▸ **Task inputs**:
Segment Open
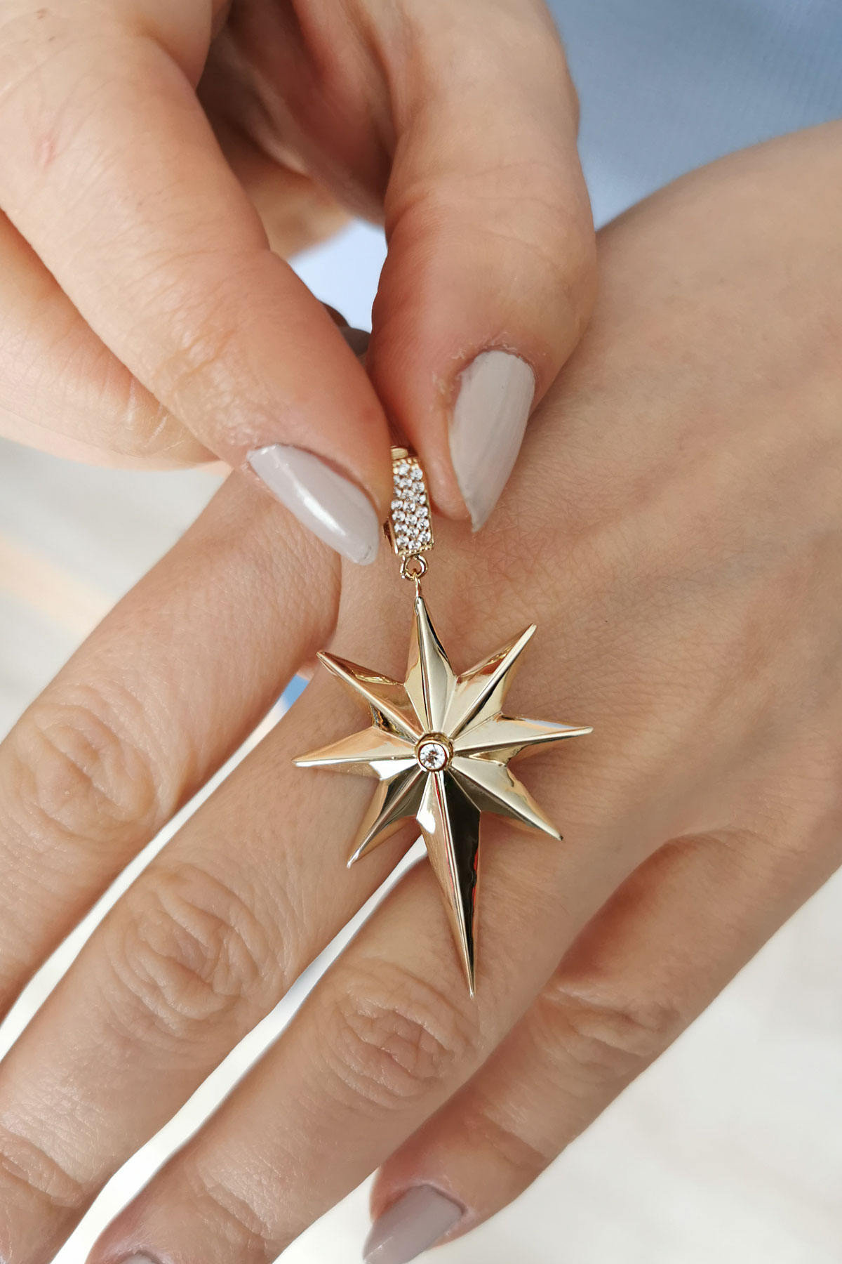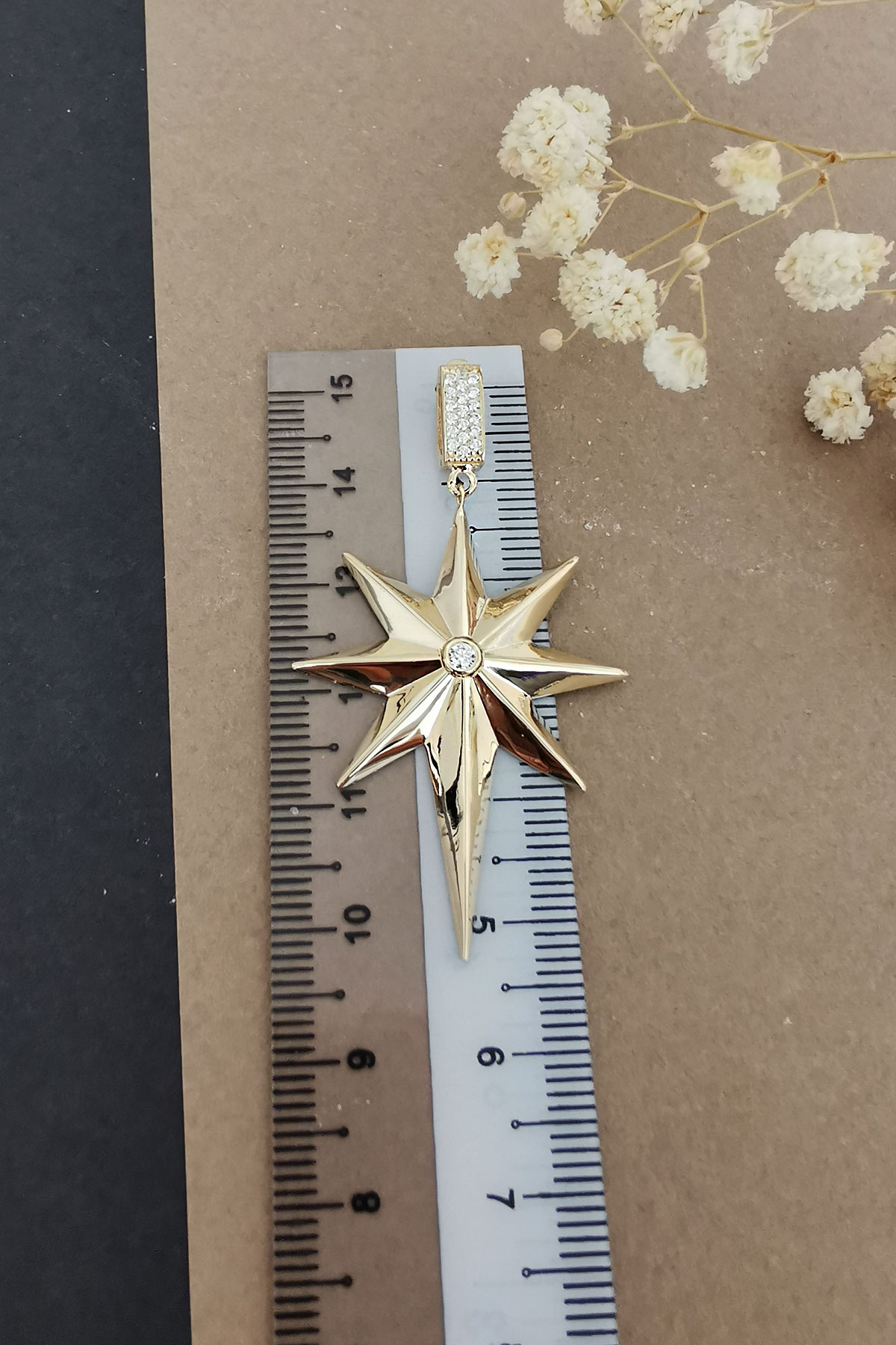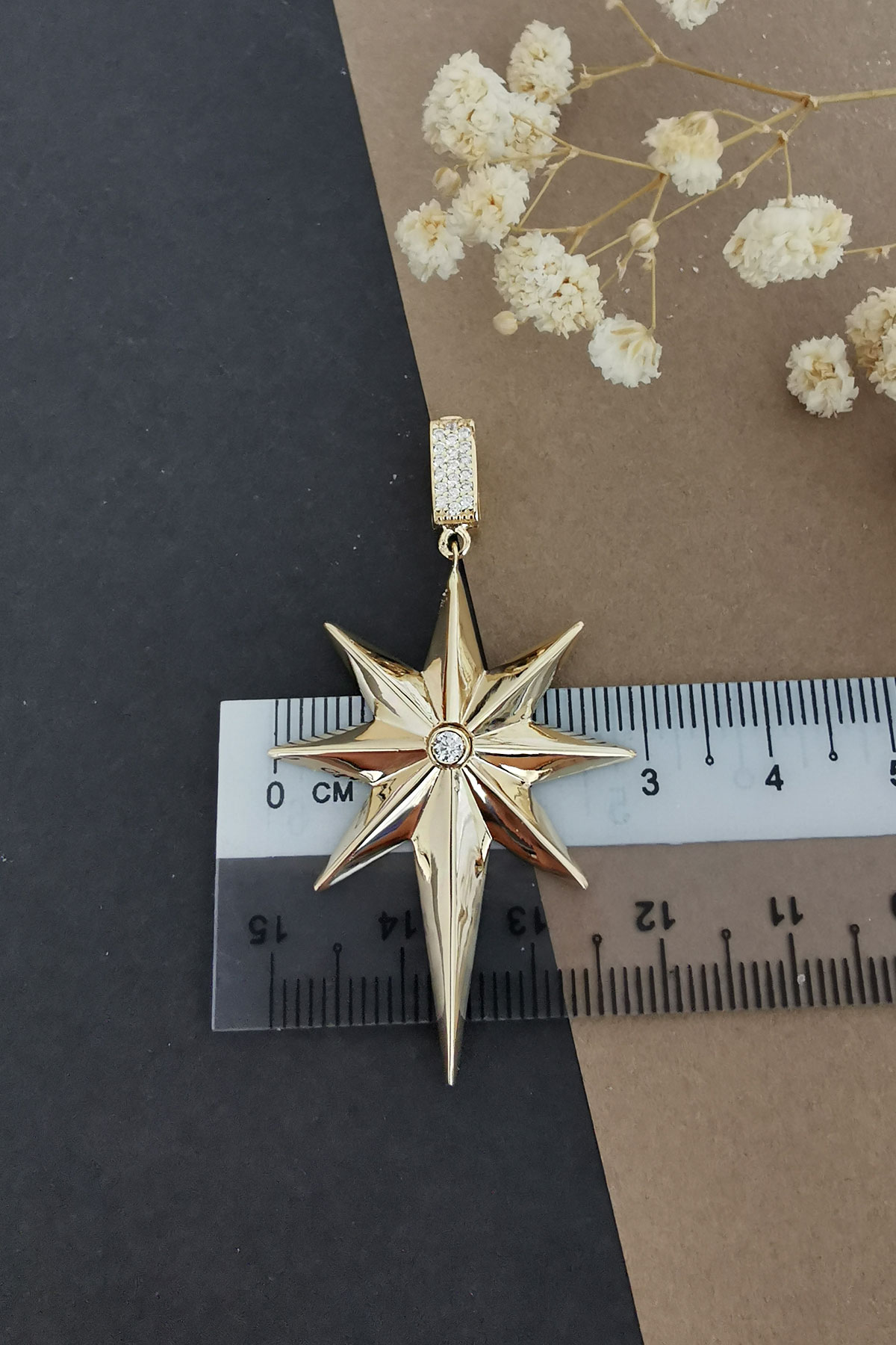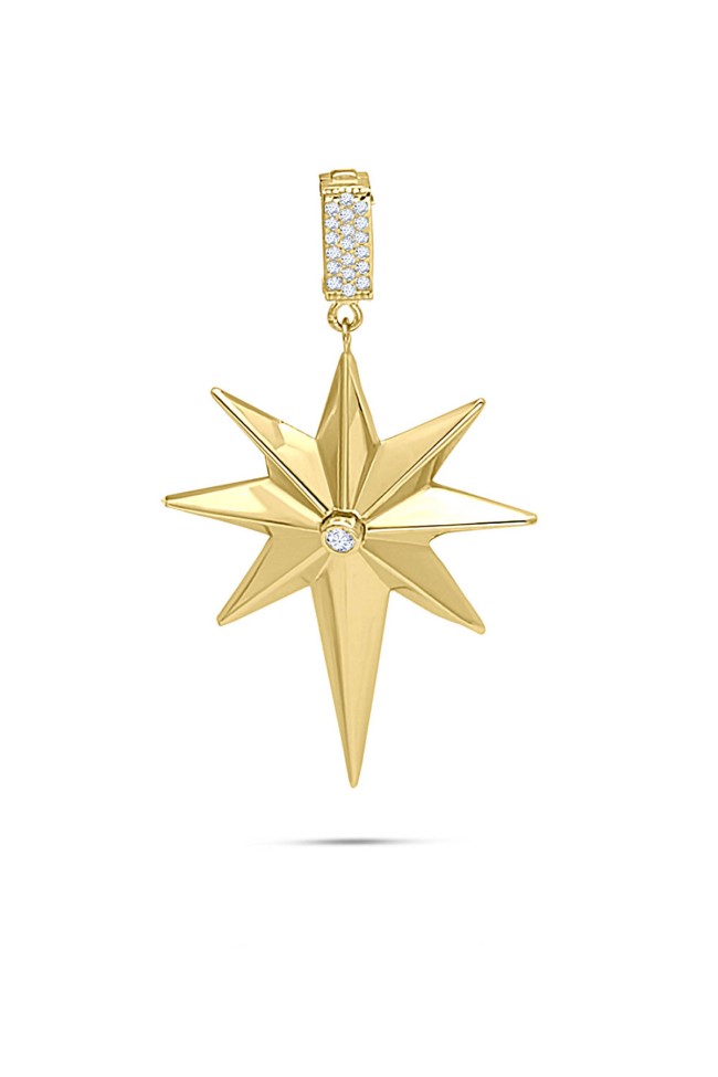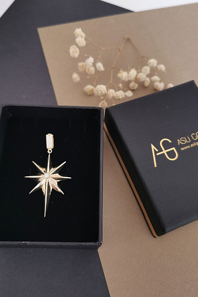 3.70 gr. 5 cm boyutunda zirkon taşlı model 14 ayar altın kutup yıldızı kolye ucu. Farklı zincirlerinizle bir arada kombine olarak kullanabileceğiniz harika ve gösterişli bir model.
Segment Closed
Segment Open
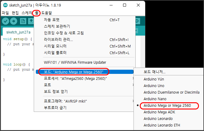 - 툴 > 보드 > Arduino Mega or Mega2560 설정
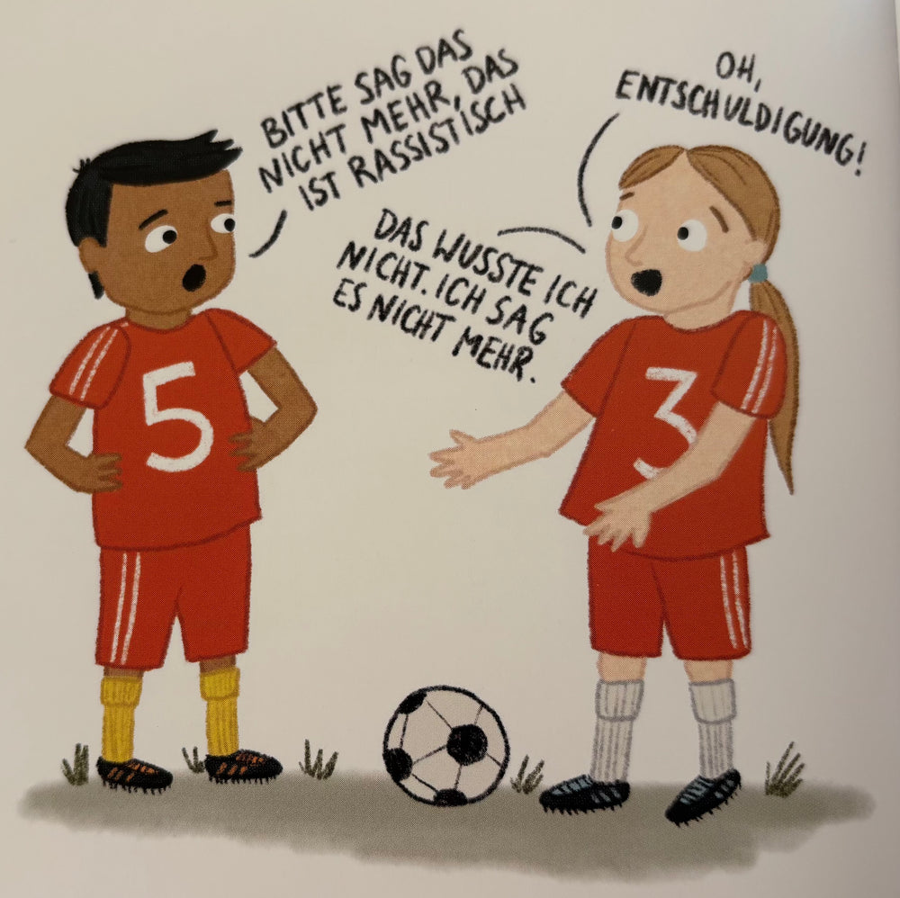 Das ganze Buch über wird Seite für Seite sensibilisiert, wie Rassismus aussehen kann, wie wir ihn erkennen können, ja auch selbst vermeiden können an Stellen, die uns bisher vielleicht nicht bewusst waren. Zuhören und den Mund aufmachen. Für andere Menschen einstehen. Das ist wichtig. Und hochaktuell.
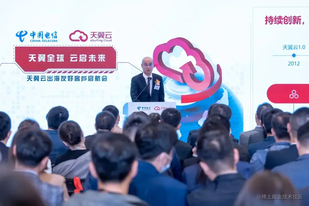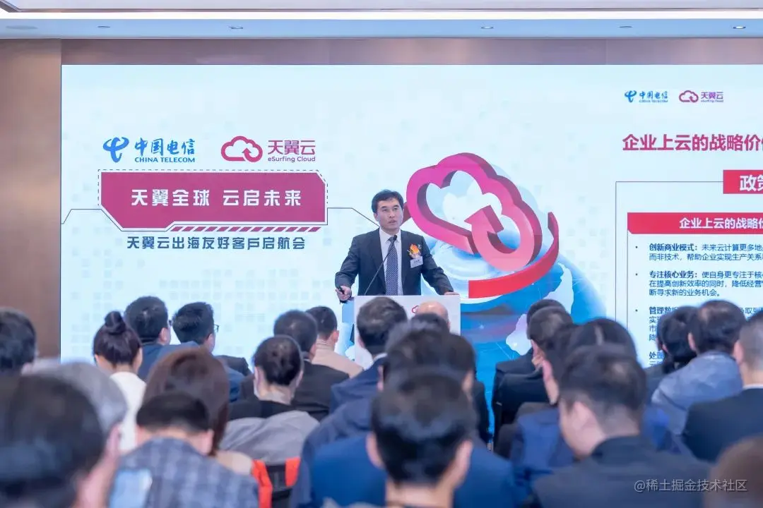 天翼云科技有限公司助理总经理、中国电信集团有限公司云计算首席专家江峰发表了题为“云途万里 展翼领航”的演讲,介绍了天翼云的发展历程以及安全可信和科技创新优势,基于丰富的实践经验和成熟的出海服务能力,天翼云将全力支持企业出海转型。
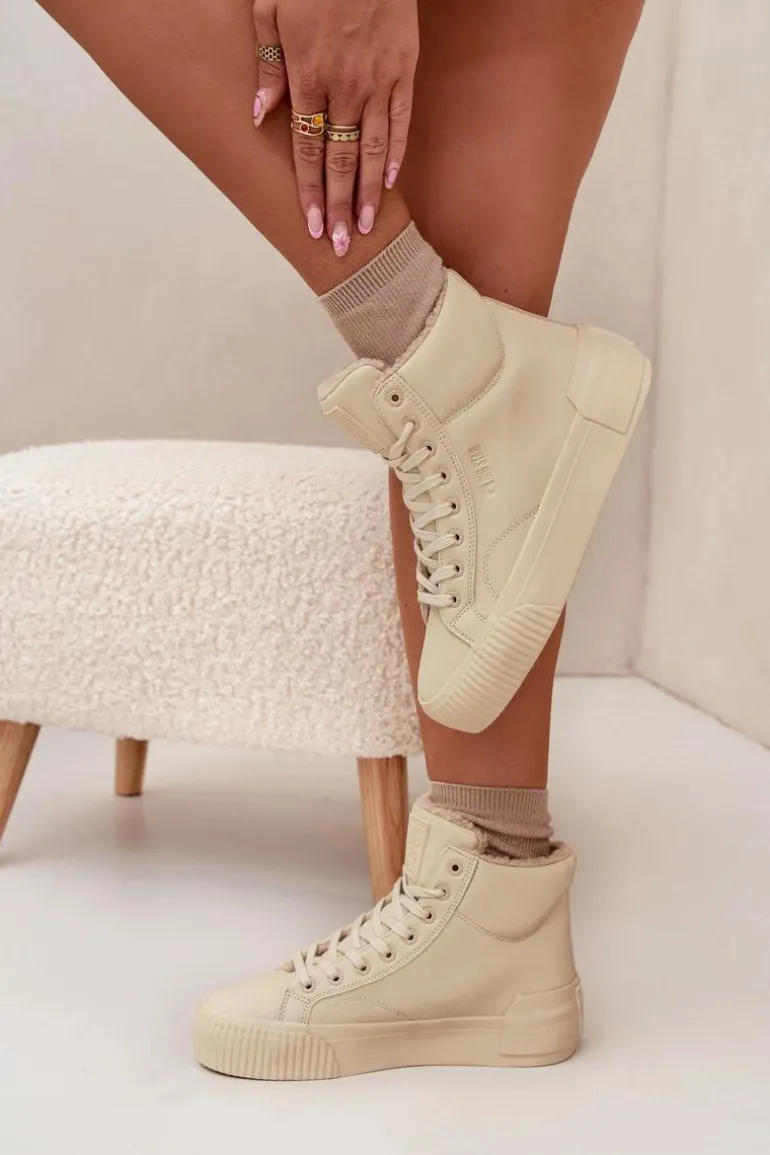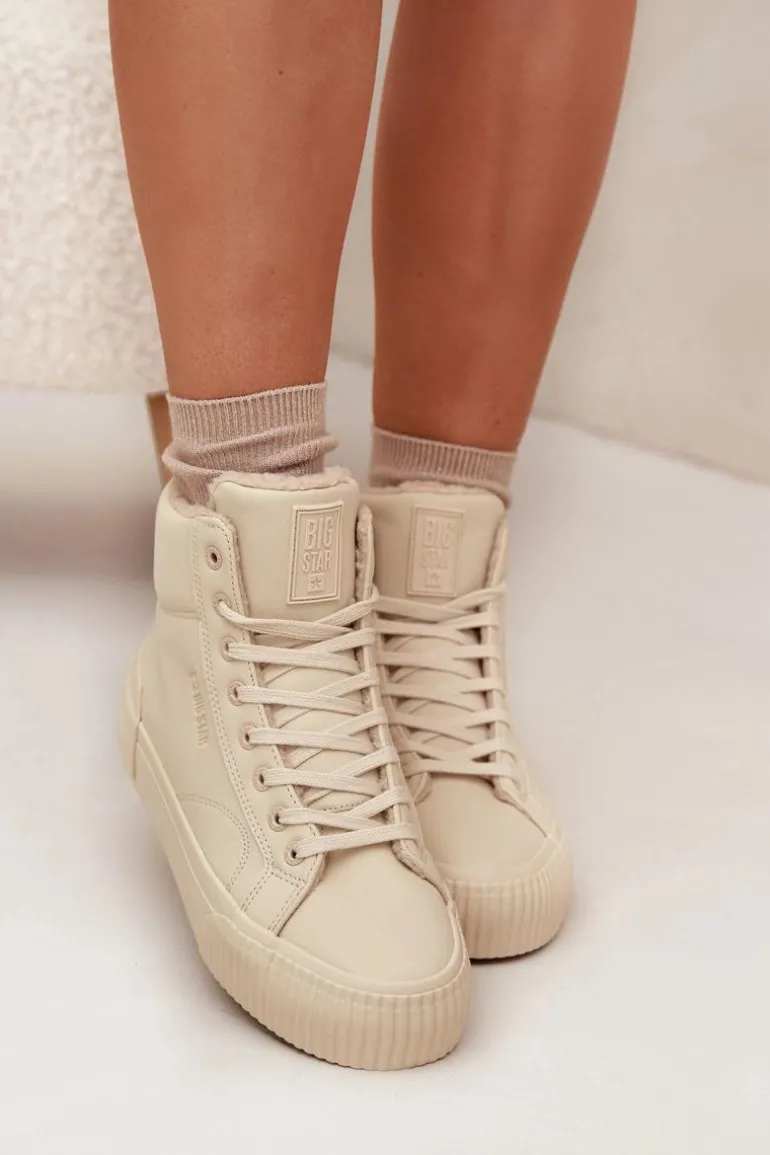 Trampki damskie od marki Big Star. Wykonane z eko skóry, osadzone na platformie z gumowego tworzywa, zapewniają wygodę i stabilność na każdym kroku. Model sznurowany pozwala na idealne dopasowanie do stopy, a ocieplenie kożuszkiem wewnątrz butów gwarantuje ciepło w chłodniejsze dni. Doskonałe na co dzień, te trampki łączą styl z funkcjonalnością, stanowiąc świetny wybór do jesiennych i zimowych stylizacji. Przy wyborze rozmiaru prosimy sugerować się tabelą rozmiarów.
Segment Closed
Segment Open
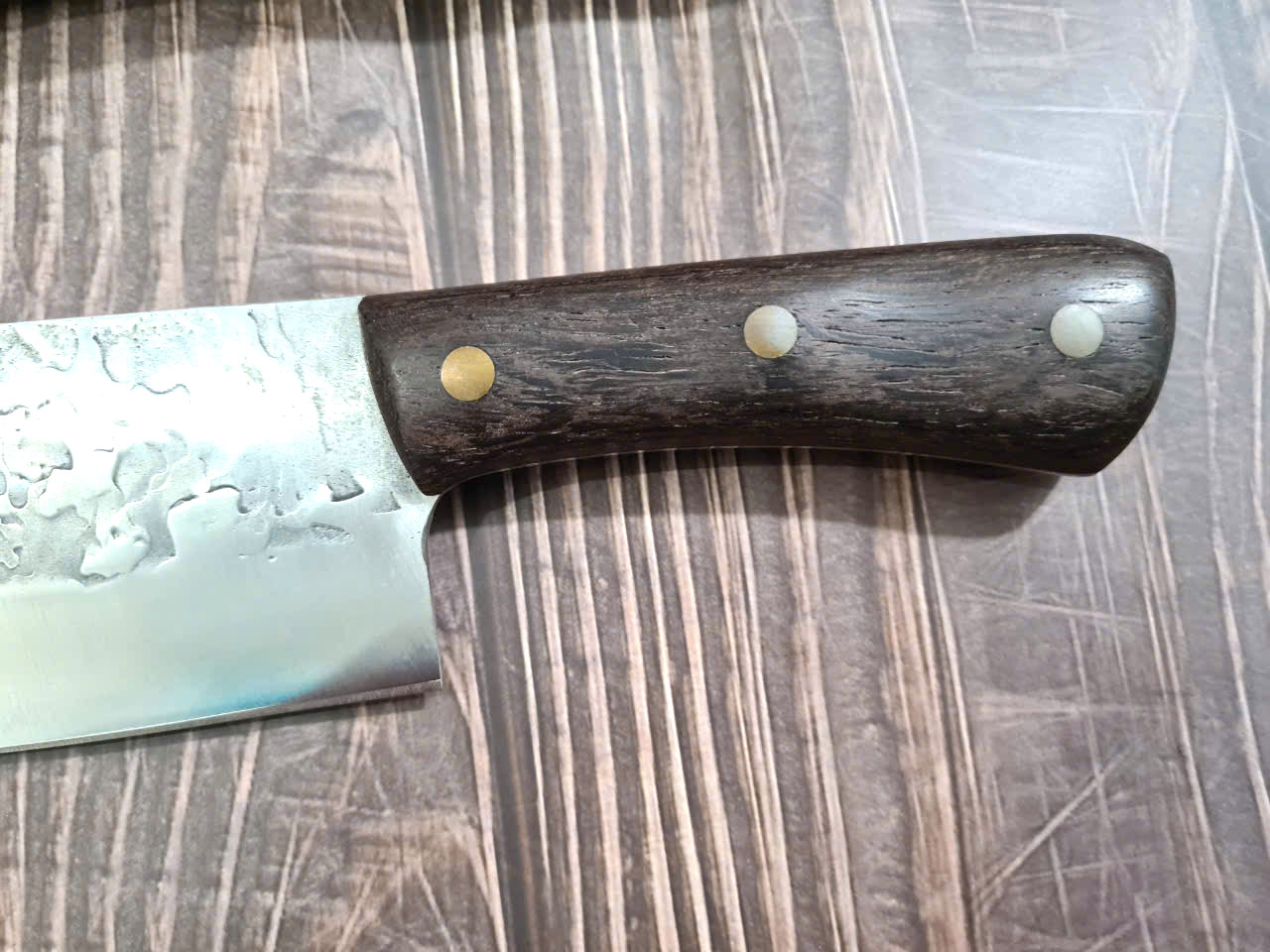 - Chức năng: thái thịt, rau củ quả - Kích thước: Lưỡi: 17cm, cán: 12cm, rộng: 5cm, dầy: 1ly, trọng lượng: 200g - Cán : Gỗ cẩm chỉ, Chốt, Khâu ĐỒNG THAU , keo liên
Segment Closed
▸ **Task item**:
Print, exactly, each line above from the one with "天翼云科技有限公司助理总经理" to the one with "Trampki damskie od", end lines included. Leave pictures out of it.

▸ **Response**:
 天翼云科技有限公司助理总经理、中国电信集团有限公司云计算首席专家江峰发表了题为“云途万里 展翼领航”的演讲,介绍了天翼云的发展历程以及安全可信和科技创新优势,基于丰富的实践经验和成熟的出海服务能力,天翼云将全力支持企业出海转型。
 Trampki damskie od marki Big Star. Wykonane z eko skóry, osadzone na platformie z gumowego tworzywa, zapewniają wygodę i stabilność na każdym kroku. Model sznurowany pozwala na idealne dopasowanie do stopy, a ocieplenie kożuszkiem wewnątrz butów gwarantuje ciepło w chłodniejsze dni. Doskonałe na co dzień, te trampki łączą styl z funkcjonalnością, stanowiąc świetny wybór do jesiennych i zimowych stylizacji. Przy wyborze rozmiaru prosimy sugerować się tabelą rozmiarów.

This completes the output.